Reviewer, essay, and reviewing-process characteristics that predict errors in web-based peer review
Introduction
Peer review is defined as an educational activity where students assess the quality of work by other students of similar status. Students of similar status are often students enrolled in the same class or in the same program, who share the context but are not expert yet in the content to be peer reviewed. Although peer review sometimes is also referred to as peer assessment, we use peer review throughout this paper to focus on the reviewing activity and its characteristics. Peer review has been widely used in both K-12 and higher education across different disciplines, and now in web-based form (Li et al., 2016, Sanchez et al., 2017, Topping, 1998). It has been widely used for formative assessment purposes to guide student learning (Sanchez et al., 2017; Topping, 1998) and for summative purposes to give instructors and students summative information (Patchan, Schunn, & Clark, 2017; Suen, 2013). For example, Cho and Schunn (2007) showed how a web-based peer review system can be used by students to effectively revise papers. Peer review is popular for both the logistic reason of reducing instructors’ burden and its pedagogical benefits for disciplinary content learning (Sadler & Good, 2006), for promotion of cognitive and metacognitive skills (Topping, 1998), and for enhancing social relationships and establishing trust in a learning community (van Gennip, Segers, & Tillema, 2009, 2010).
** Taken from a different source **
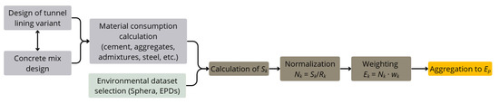This approach yields a single aggregated environmental impact indicator value Ep, representing a dimensionless measure of the total impact of the analyzed variant (in this study—the tunnel lining over its entire analyzed length). This value constitutes the main outcome of the assessment, allowing for comparison among all variants.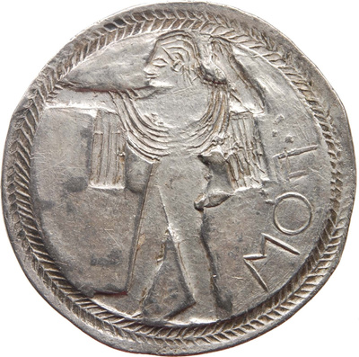 Um 630 vor Christus tauchten die ersten Münzen auf – im westlichen Kleinasien. Weil sie so gut handhabbar waren, verbreiteten sie sich schnell im gesamten Mittelmeerraum. Auch in Süditalien. Griechische Auswanderer gründeten dort neue Städte: Metapont, Tarent, Kroton, Sybaris oder in der historischen Landschaft Lukaniens die Stadt Poseidonia. Bis heute zeugen die Reste der gewaltigen Tempelruinen, darunter die des so genannten Poseidontempels, vom einstigen Reichtum. Poseidon stand nicht nur Pate für den Namen der Stadt, er war auch ihr Hauptgott. Klar, dass er das vorherrschende Motiv auf den Münzen aus Poseidonia war.

A common observation that motivates the current work is that students and instructors are reluctant to rely on peer-provided feedback or grades for formative or summative purposes due to a concern about the accuracy and usefulness of peer feedback (e.g., Kaufman & Schunn, 2011). Indeed, there are a number of reasons to be concerned with using peer reviews even in formative feedback situations: 1) students tend not to revise when they receive very high ratings (Patchan et al., 2016); 2) harsh ratings can lead to negative self-evaluations which can then produce avoidant behaviors (Elizondo-Garcia et al., 2019); and 3) several online systems hold students accountable for the rating accuracy as a pressure to take the reviewing tasks seriously (Patchan et al., 2017).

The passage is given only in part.